Kedua, protes politik: (a) protes terhadap kebijakan adalah kepandaian dan kecermatan dalam bertindak jika menghadapi suatu kesulitan atau suatu masalah. Kebijakan adalah suatu Keputusan yang diambil oleh seorang pelaku atau kelompok politik dalam usaha memilih tujuan-tujuan dan cara-cara untuk mencapai tujuan itu;  (b) protes terhadap kekuasaan. Kekuasaan adalah kemampuan orang atau golongan untuk menguasai orang atau golongan lain atau kuasa untuk mengurus pemerintahan. Protes terhadap pemegang kekuasaan tanpa melalui kekerasan disebut juga demonstrasi. Protes dilakukan secara bersama-sama, umumnya terhadap kebijaksanaan yang dilakukan oleh pemerintah atau pemimpin perusaha.

 

Ketiga, protes terhadap konflik. Suatu konflik politik terjadi apabila seseorang atau kelompok orang berusaha menghargai orang atau kelompok lain mencapai tujuannya. Menurut tingkatanya, konflik dibedakan menjadi dua yaitu ideologi dan politik. Konflik ideologi terwujud dalam pertentangan antara paham atau ideologi.

 

Keempat, protes terhadap negara. Protes terhadap negara adalah protes terhadap segala sesuatu yang dilakukan oleh negara karena untuk mencapai suatu maksud dan tujuan, negara sering menggunakan kekuasaanya, dan untuk masalah debat argumen, sarkasme terjadi karena.

 

Kelima, protes terhadap kebodohan/kedunguan Masyarakat.

Jadi, unsur emosionalitas seorang pemimpin tidak dapat dihindari lagi, akan tetapi yang sangat berbahaya adalah emosional patalogis, bipolar, yakni patalogis yang tidak dapat mendeteksi emosional esktrim dalam waktu bersamaan dengan tidak ada rasa bersalah.

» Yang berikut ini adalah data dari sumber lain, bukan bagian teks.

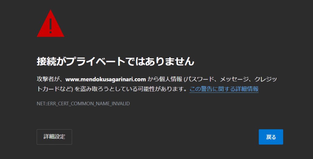 ブログを開設して最初にアクセスしたとき、ブラウザに「接続がプライベートではありません」と表示されてしまった。エラーの原因と解決方法。

Selama ekspresi emosionalitas tersebut bertumpu pada kesadaran non-patalogis, semua orang harus dapat memberi ruang.

 

Demikian juga dengan sarkastik, selama tidak bertumpu pada pribadi psikopat, atau arogan, tentu ungkapan tersebut dapat dijadikan pendorong kreativitas partisipatif masyarakat dalam mengisi pembangunan Indonesia emas ke depan, sekaligus sebagai sajian komedi satiris dari para elit bangsa ini untuk wargannya agar bisa tertawa meskipun kecut. Salam cerdas. (***)

 

 

Dr. Munawar Ahmad, S.S., M.Si. adalah dosen Universitas Islam Negeri Yogyakarta.